Sentença da 5ª Vara Cível de Manaus declarou a nulidade de cláusula contratual genérica que previa tolerância para entrega de imóvel adquirido na planta sem indicar prazo definido, e condenou a incorporadora responsável ao pagamento de lucros cessantes, danos emergentes, cláusula penal e indenização por danos morais. A decisão foi proferida pelo juiz José Renier da Silva Guimarães.
A controvérsia girou em torno do atraso na entrega de imóvel prometido em prazo pré fixado, cujas chaves só foram entregues pouco mais de dois anos depois. A construtora alegava respaldo contratual para a postergação, com base em cláusula de tolerância prevista no contrato. No entanto, o magistrado considerou a cláusula abusiva por ausência de estipulação clara do prazo adicional, o que viola o dever de informação ao consumidor, previsto no CDC.

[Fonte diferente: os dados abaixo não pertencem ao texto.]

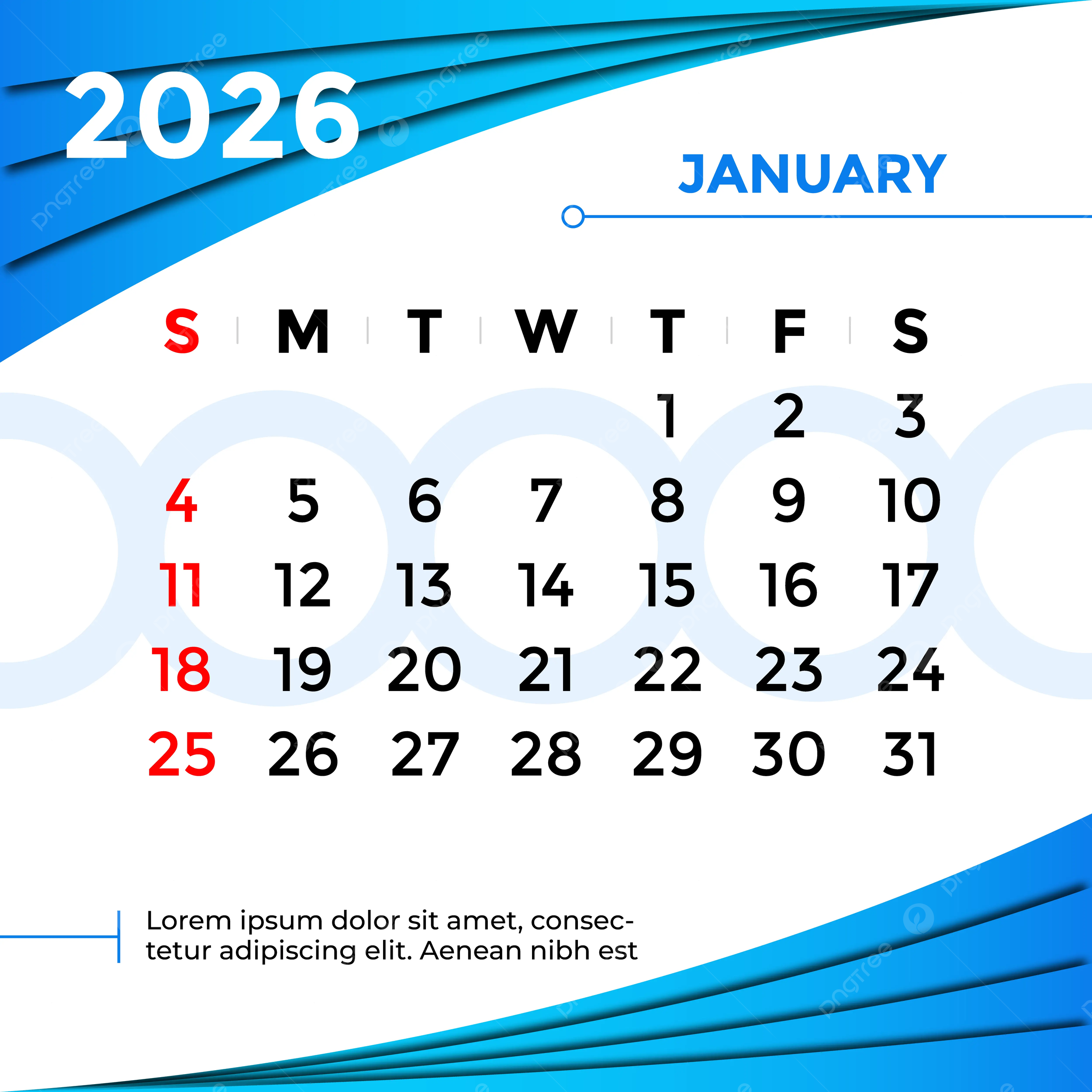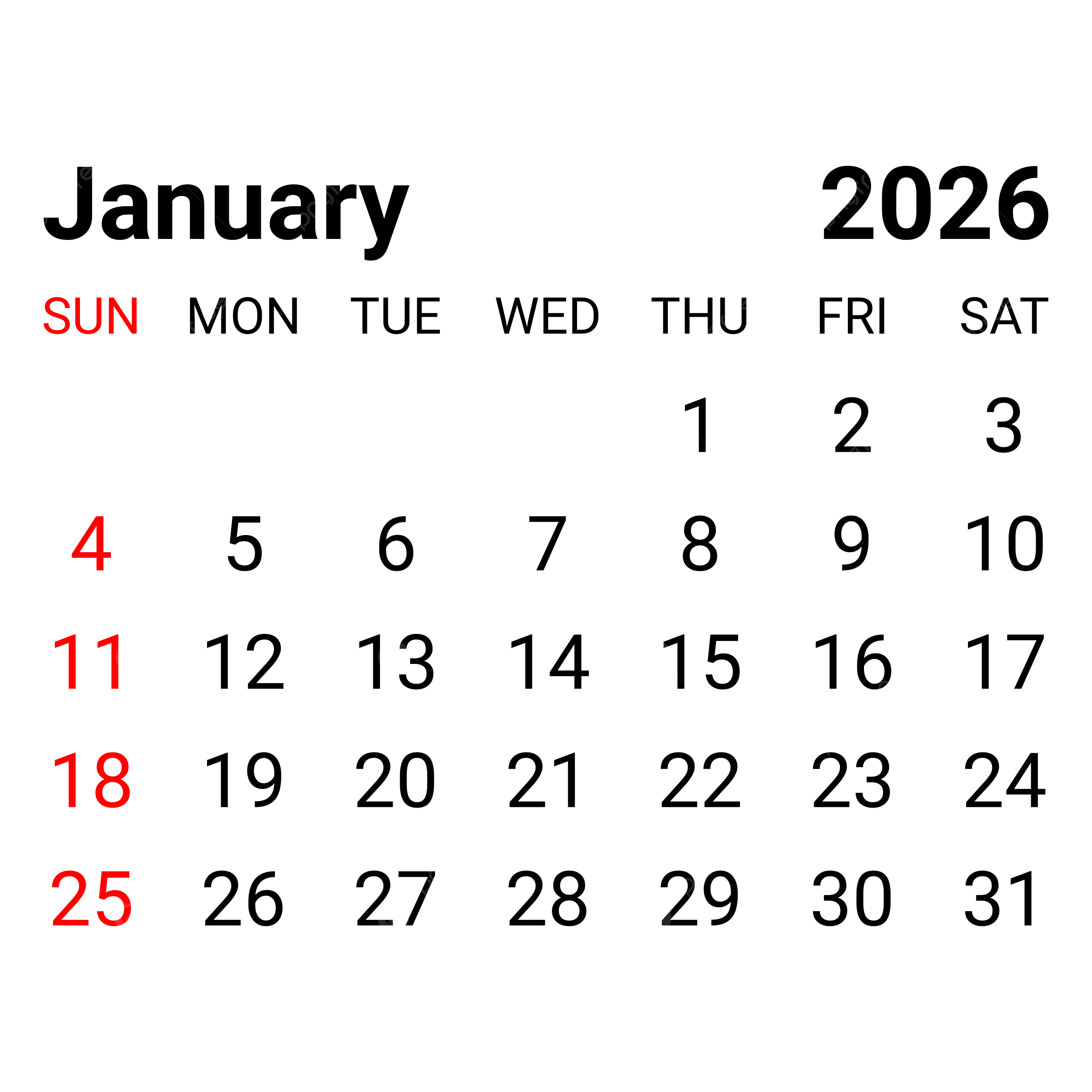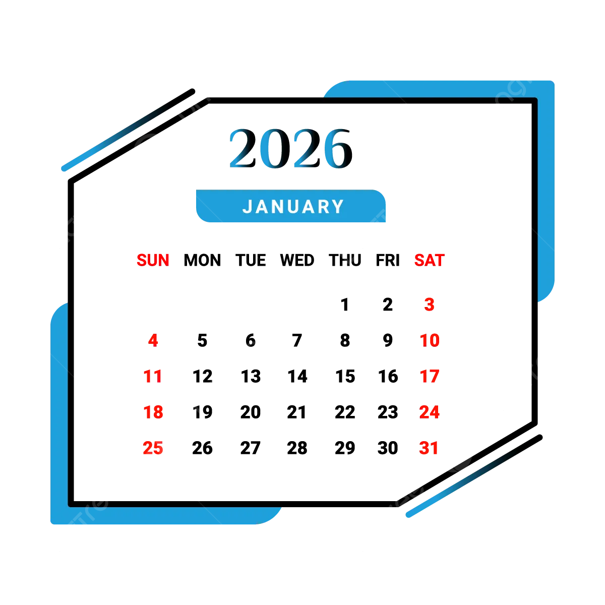 2026 January Monthly Calendar Vector 2026 January Monthly Calendar 2026 January Calendar PNG And Vector With Transparent Background For Free Download

“Empresas de grande porte, com vasta experiência no mercado, devem prever prazo razoável quando do lançamento do empreendimento, evitando criar expectativas inócuas nos consumidores”, afirmou o juiz, destacando a necessidade de respeito à boa-fé objetiva e ao equilíbrio contratual.
Com base na jurisprudência do STJ (REsp 1.582.318/RJ), o juízo reconheceu que a cláusula de tolerância só é válida quando expressa, destacada e com prazo definido, de até 180 dias. Sua ausência autoriza o reconhecimento da mora a partir do término do prazo originalmente pactuado.
A sentença condenou a construtora ao pagamento de: Lucros cessantes, calculados em 0,5% do valor venal do imóvel por mês de atraso com juros e correção monetária; cláusula penal moratória, sobre o montante das parcelas efetivamente pagas; danos emergentes, no valor de R$ 7.200,00, referentes aos aluguéis pagos durante o período em que o imóvel não foi entregue; danos morais, fixados em R$ 15 mil, com fundamento no abalo existencial causado à autora pela postergação de seu projeto de vida familiar.
Ao reconhecer o dano moral, o magistrado afirmou que não se tratava de mero inadimplemento, mas de violação relevante a direito da personalidade, pela frustração do direito de uso do imóvel e adiamento injustificado de planos existenciais. “Não se trata de simples atraso na obra, mas do atraso no projeto de vida de uma família”, registrou.